*** Record excerpts Section Begins ***
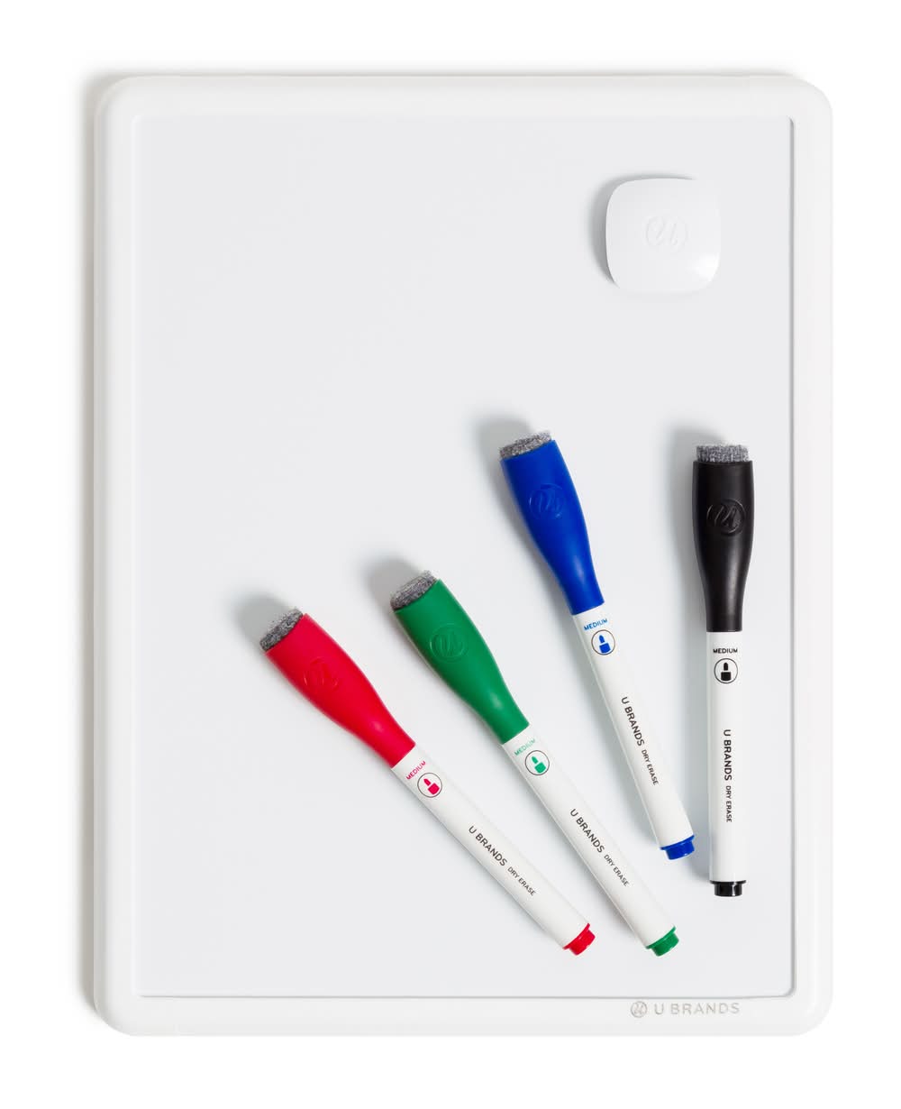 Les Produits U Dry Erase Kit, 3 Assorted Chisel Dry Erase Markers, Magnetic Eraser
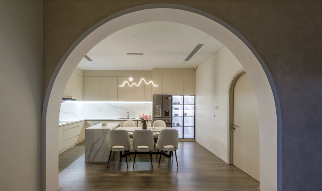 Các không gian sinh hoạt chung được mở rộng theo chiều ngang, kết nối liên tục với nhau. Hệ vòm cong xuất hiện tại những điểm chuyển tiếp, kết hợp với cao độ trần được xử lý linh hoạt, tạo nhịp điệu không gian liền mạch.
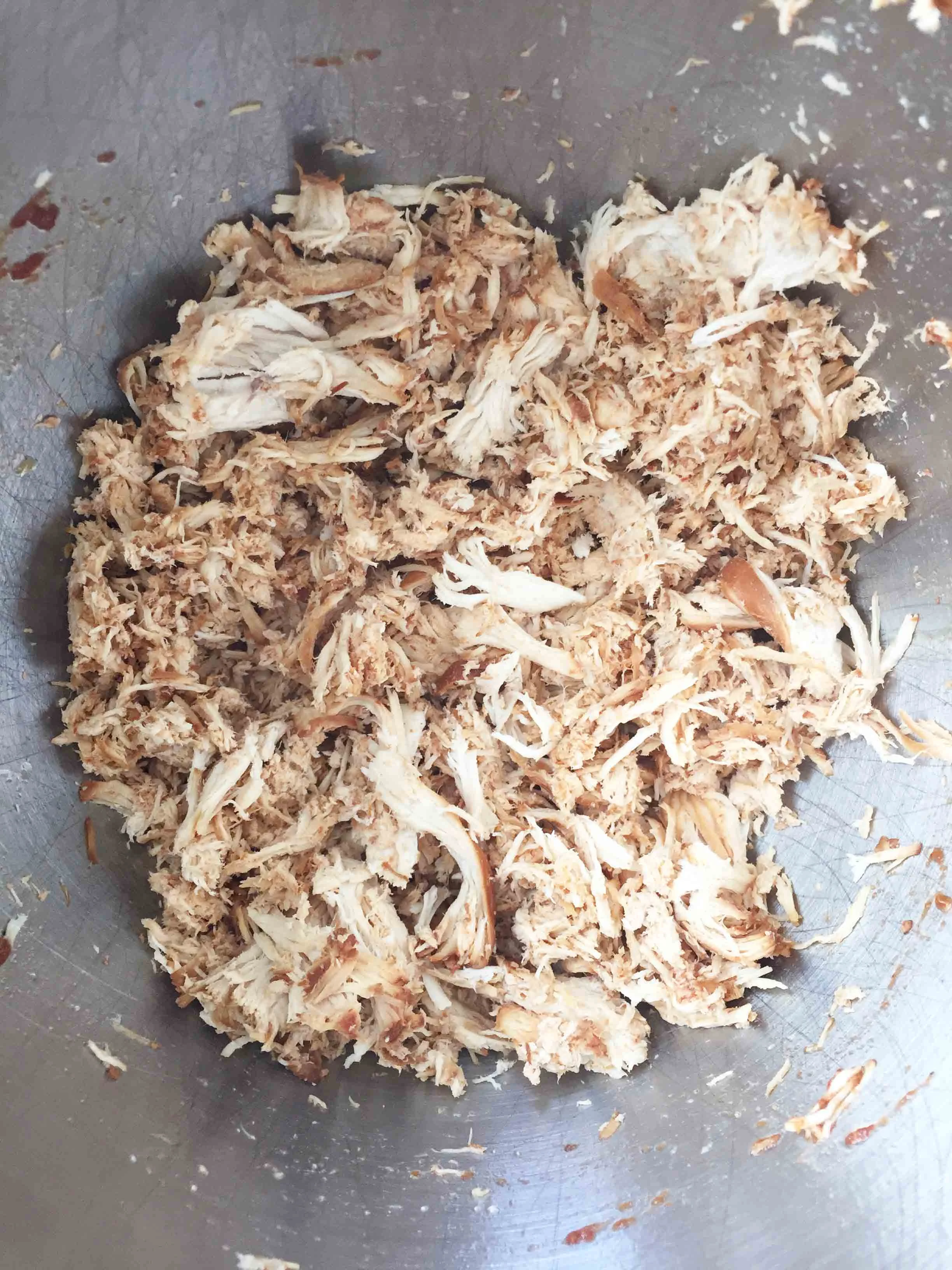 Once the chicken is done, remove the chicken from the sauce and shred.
*** Record excerpts Section Ends ***
*** Record excerpts Section Begins ***
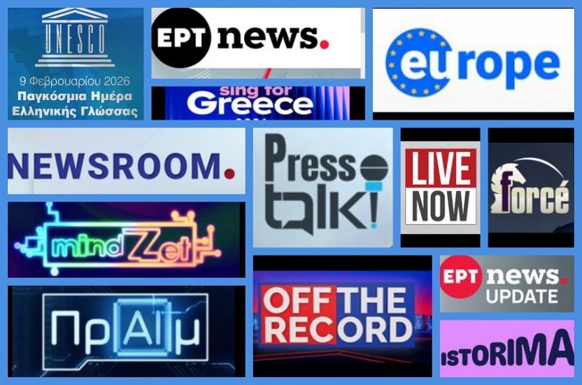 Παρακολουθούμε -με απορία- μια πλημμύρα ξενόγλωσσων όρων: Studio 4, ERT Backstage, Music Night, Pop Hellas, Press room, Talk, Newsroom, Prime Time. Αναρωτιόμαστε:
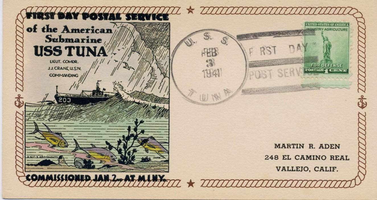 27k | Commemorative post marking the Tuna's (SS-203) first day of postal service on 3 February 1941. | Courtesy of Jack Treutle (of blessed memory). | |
*** Record excerpts Section Ends ***
▸ **What you are asked to do**:
Although pictures appear among the records above, none are to be output; print exactly the lines from the line containing "Les Produits U" through the line containing "Once the chicken".

▸ **Task result**:
 Les Produits U Dry Erase Kit, 3 Assorted Chisel Dry Erase Markers, Magnetic Eraser
 Các không gian sinh hoạt chung được mở rộng theo chiều ngang, kết nối liên tục với nhau. Hệ vòm cong xuất hiện tại những điểm chuyển tiếp, kết hợp với cao độ trần được xử lý linh hoạt, tạo nhịp điệu không gian liền mạch.
 Once the chicken is done, remove the chicken from the sauce and shred.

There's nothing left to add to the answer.